We present an inverse consistent nonlinear registration algorithm, which is computationally efficient by avoiding explicit calculation of the inverse deformation and can achieve sub-voxel ICE without sacrificing the performance of registration. The cost function that is minimized includes E _IJ, E _JI and the inverse consistency term E_inv:

$$E=E_{IJ}+E_{JI}+\lambda E_{\mathit{inv}}$$ (3)

where, $E_{\mathit{inv}}={\displaystyle \sum _p}\mid \mid R_I(p)\mid {\mid }^2+\sum _p\mid \mid R_J(p)\mid {\mid }^2$, R_I (p) = T_IJ (T_JI (p))− p and R_J (p) = T_JI (T_IJ (p)) − p are the residual fields defined on both images I and J, and λ is the regularization parameter.

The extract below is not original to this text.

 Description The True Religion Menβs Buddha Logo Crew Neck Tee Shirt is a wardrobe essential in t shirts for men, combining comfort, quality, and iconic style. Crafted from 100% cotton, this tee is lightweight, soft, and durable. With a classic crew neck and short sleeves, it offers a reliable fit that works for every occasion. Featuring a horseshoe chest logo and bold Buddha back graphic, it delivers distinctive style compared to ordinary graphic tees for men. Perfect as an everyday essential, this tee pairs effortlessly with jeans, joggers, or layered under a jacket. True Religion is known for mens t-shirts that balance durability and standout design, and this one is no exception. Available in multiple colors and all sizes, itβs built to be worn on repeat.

The composition of transformation is performed using tri-linear interpolation. The inverse consistency errors on both images I and J are given by the residual field on both image: ICE_I (p)=||R_I (p)|| and ICE_J (p)=||R_J (p)||. Since T_IJ and T_JI are defined in different image spaces, forcing T_JI = T_IJ⁻¹ is a non-trivial task and numerical errors are unavoidable. In our studies, the symmetry of image registration is achieved by forcing the both composite transformations (T_IJ ◦ T_JI and T_JI ◦ T_IJ) to approach identity. Even though we still denote I as the source and J as the target as in conventional registration, the above formula does not differentiate between the target and source images and the cost function in (3) is totally symmetric.

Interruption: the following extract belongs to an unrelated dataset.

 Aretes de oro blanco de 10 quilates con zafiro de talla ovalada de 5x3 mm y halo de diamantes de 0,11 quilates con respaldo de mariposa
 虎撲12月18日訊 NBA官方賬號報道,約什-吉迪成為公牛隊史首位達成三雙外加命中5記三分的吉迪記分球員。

2.2 Calculating the Dual MI Flow

In the last ten years, information theory-based similarities, such as mutual information (MI), have been developed for image registration [21]. Information-based similarity measures only assume statistical dependence between two images and therefore can be applied to images with intensity differences. In our study, MI was integrated into the symmetric cost function as a similarity measure. We applied Hermosillo’s method [18] to derive the MI flow to find a dense displacement field. The similarity measure was evaluated by constructing continuous probability density function (PDF) through kernel based techniques [18]. We define the MI between image I and image J as:

$$E_{\mathit{Sim}}(I,J\circ T_{IJ})=-{MI}_U^{I,J}=-\underset{R^2}{\int }{p}_U^{I,J}(i,j)log\frac{p_U^{I,J}(i,j)}{P^I(i)P_U^J(j)}$$ (4)

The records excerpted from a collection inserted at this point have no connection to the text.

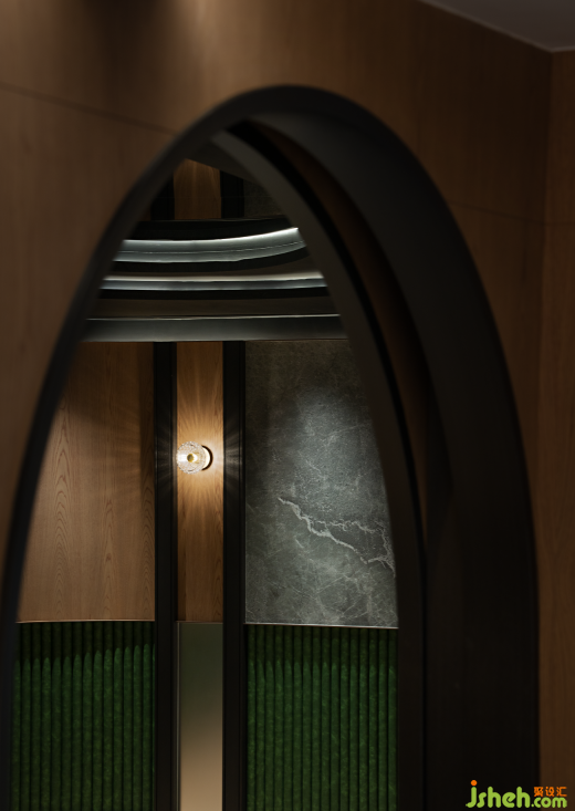 除了功能性,從空間體驗(yàn)來看,疊構(gòu)的拱門造型,延伸的燈光線條,致以購(gòu)房者一種抵達(dá)的儀式感。
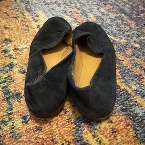 Nice shoes for work. Worn a fair amount but still in great condition! Just a little flattened from being in a bag with other shoes.
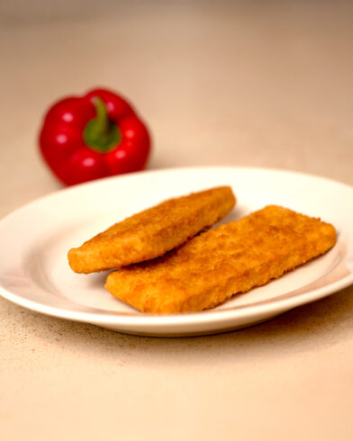 Ingredienti: Filetti di SALMONE rosa 59%, pangrattato (farina di grano tenero, destrosio, lievito, olio di semi di girasole, sale, spezie (paprica, curcuma)), olio di colza, farina di grano tenero, acqua, amido di patate, sale
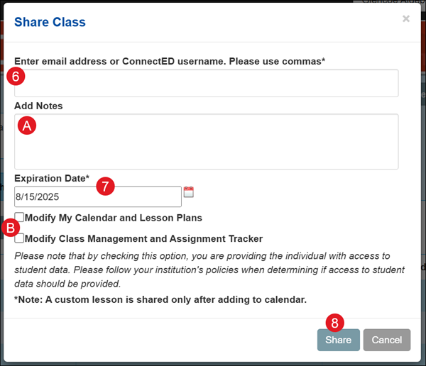 6. On the Share Class pop-up, enter the email address or ConnectED username for the teacher(s) you want to share the class with. Separate each entry with a comma.
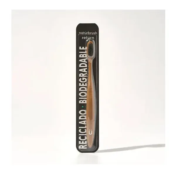Cepillo de dientes manual 100% biodegradable, con filamentos 100% vegetales libres de petróleo y plástico.

In Eq. (4), by taking negative of MI, the maximization of MI is translated into minimization of the cost function. In the above equation $p_U^{I,J}(i,j)$ is the joint PDF between images I and J with displacement U. P^I (i) is the intensity distribution of image I, and $P_U^J(j)$ is the intensity distribution of image J with displacement U. The correction field on image I can be expressed as:

$$u=\epsilon \left[\psi \ast \left(\frac{1}{p_U^{I,J}(i,j)}\frac{\partial p_U^{I,J}(i,j)}{\partial j}-\frac{1}{p_U^J(j)}\frac{\partial p_U^J(j)}{\partial j}\right)\right](I,J\circ U)\nabla (J\circ U)$$ (5)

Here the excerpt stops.